I added ScriptInterpreter::GetNumArgumentsForCallable, so I can base all the decisions on how to call the function on whether I was passed a function with 3 or 4 arguments. That's cleaner. I also plumbed an error through the callback setting, so I can report an error if you pass me a function with the wrong number of arguments, or provide extra_args when you are passing a function that doesn't take 4 arguments.

I added a check in the extant test to ensure that a function that takes extra_args will work with empty extra_args, since there's no reason to disallow that.

I also added a test for the error handling when you pass a function with the wrong number of arguments.

Now we don't depend on the SBStructuredData handed across the SB API's being any particular structure.

labath added inline comments.
lldb/include/lldb/Interpreter/ScriptInterpreter.h
469

In light of varargs functions (*args, **kwargs), which are fairly popular in python, the concept of "number of arguments of a callable" does not seem that well defined. The current implementation seems to return the number of fixed arguments, which might be fine, but I think this behavior should be documented. Also, it would be good to modernize this function signature -- have it take a StringRef, and return a Expected<unsigned (?)> -- ongoing work by @lawrence_danna will make it possible to return errors from the python interpreter, and this will make it possible to display those, instead of just guessing that this is because the callable was not found (it could in fact be because the named thing is not a callable, of because resolving the name produced an exception, ...).

jingham updated this revision to Diff 224929.Oct 14 2019, 4:38 PM

Addressed Pavel's comments.

I explicitly want the number of fixed arguments, so I changed the function name to GetNumFixedArguments.
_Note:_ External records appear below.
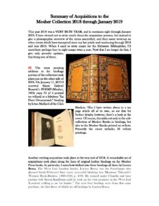 Summary of Acquisitions to the Mosher Collection 2018 through January 2019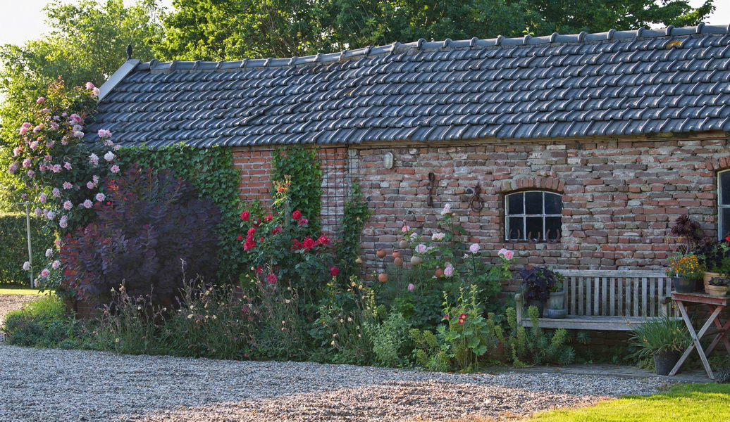- Bank, Geerte's Tuin, gelb, Rose 'Hot Chocolate'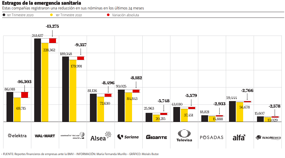 En dos años, desde que iniciaron las medidas de confinamiento en México por la pandemia, en abril de 2020, y que fueron retiradas en su mayoría de las entidades en el mismo mes pero de este año, Elektra, Walmart, América Móvil, Alsea, Soriana, Gigante, Televisa, Posadas, Alfa y Aeroméxico fueron las 10 empresas que cotizan en la Bolsa Mexicana de Valores (BMV) que más perdieron empleados.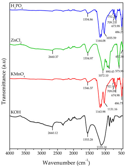 - Qanytah; Syamsu, K.; Fahma, F.; Pari, G. Characterization of ball-milled sago pith waste-based activated carbon treated with KOH and KMnO4 as activating agent. IOP Conf. Ser. Mater. Sci. Eng. 2020, 935, 012043. [Google Scholar] [CrossRef]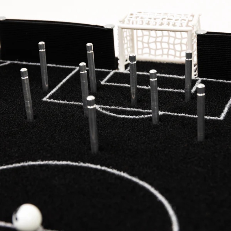 Améliorez votre jeu avec le Binho Classic : Black Turf, une version épurée et minimaliste du célèbre finger soccer. Conçue pour la précision, la performance et un look audacieux, cette édition présente un terrain de jeu entièrement noir avec des buts assortis et des figurines de joueurs en métal argenté, offrant aux joueurs un environnement saisissant et contrasté, idéal pour des matchs intenses.

The docs say explicitly that you have to make the function take either three or four fixed arguments, and that's what I have to check against. I don't want to know about varargs and optional named arguments.
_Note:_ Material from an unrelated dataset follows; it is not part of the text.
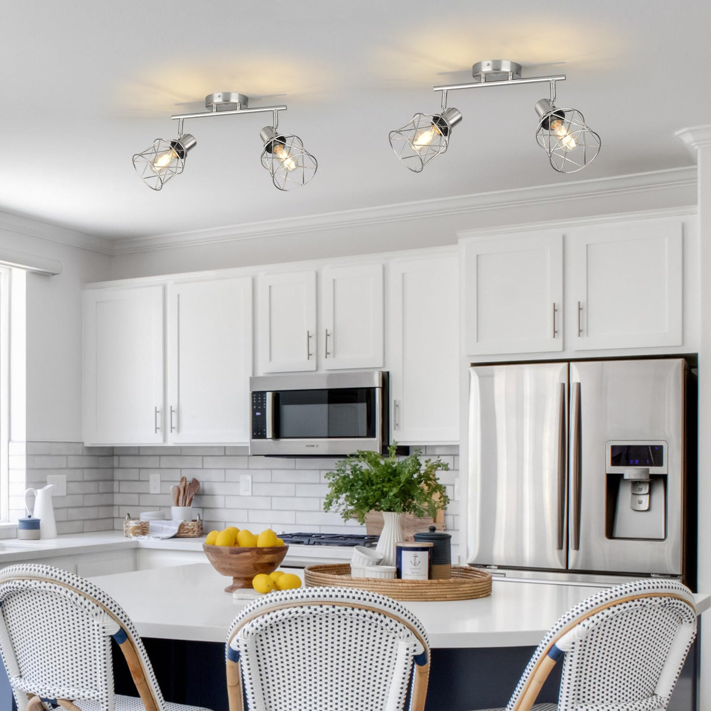 Wilon Industrial 2 Light Track Lighting Kit, Modern Track Lighting Fixtures Brushed Nickel Flush Mount Ceiling Light Rotatable Light Head E26 Base Ceiling Spotlight For Kitchen Dining Room Hallway

I added the Expected, though I didn't plumb the change into PythonCallable::GetNumArguments. That's of marginal extra benefit, and orthogonal to the purposes of this patch.

Note also, the fact that I was now checking argument signatures when adding the command means you can no longer do:

(lldb) break command add -F myfunc.function
(lldb) command script import myfunc.py

which TestBreakpointCommand.py was doing. You have to make the Python function available BEFORE adding it to the breakpoint. I don't think this was an feature, and I don't see any harm in adding that requirement. But it is a change in behavior so I thought I'd bring it up.

lawrence_danna marked an inline comment as done.Oct 14 2019, 5:25 PM
lawrence_danna added inline comments.
lldb/include/lldb/Interpreter/ScriptInterpreter.h
469

I just took a look at PythonCallable::GetNumArguments() and it's horribly broken.

It doesn't even work for the simplest test case I could think of.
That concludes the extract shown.